→ Required work
All of the data should be restated word for word, with the pictures omitted.
+++ Stored data +++
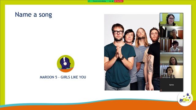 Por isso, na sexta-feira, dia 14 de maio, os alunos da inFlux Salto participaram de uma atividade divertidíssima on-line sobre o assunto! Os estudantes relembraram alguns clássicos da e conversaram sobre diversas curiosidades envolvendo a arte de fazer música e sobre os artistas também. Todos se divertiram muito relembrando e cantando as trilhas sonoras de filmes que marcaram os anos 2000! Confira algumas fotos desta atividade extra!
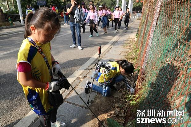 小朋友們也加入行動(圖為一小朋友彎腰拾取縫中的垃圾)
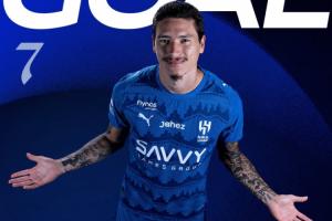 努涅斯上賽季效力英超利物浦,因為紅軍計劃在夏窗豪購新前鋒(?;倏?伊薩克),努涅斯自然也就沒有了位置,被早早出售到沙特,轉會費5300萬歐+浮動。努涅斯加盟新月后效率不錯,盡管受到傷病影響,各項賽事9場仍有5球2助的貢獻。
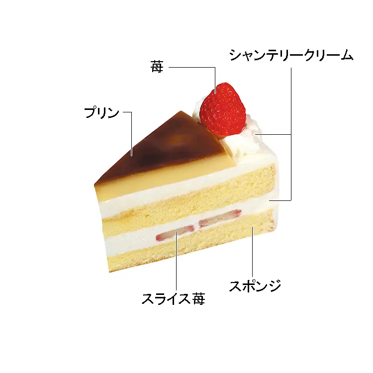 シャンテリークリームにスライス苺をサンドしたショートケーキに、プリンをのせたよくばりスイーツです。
+++
→ Output below
 Por isso, na sexta-feira, dia 14 de maio, os alunos da inFlux Salto participaram de uma atividade divertidíssima on-line sobre o assunto! Os estudantes relembraram alguns clássicos da e conversaram sobre diversas curiosidades envolvendo a arte de fazer música e sobre os artistas também. Todos se divertiram muito relembrando e cantando as trilhas sonoras de filmes que marcaram os anos 2000! Confira algumas fotos desta atividade extra!
 小朋友們也加入行動(圖為一小朋友彎腰拾取縫中的垃圾)
 努涅斯上賽季效力英超利物浦,因為紅軍計劃在夏窗豪購新前鋒(?;倏?伊薩克),努涅斯自然也就沒有了位置,被早早出售到沙特,轉會費5300萬歐+浮動。努涅斯加盟新月后效率不錯,盡管受到傷病影響,各項賽事9場仍有5球2助的貢獻。
 シャンテリークリームにスライス苺をサンドしたショートケーキに、プリンをのせたよくばりスイーツです。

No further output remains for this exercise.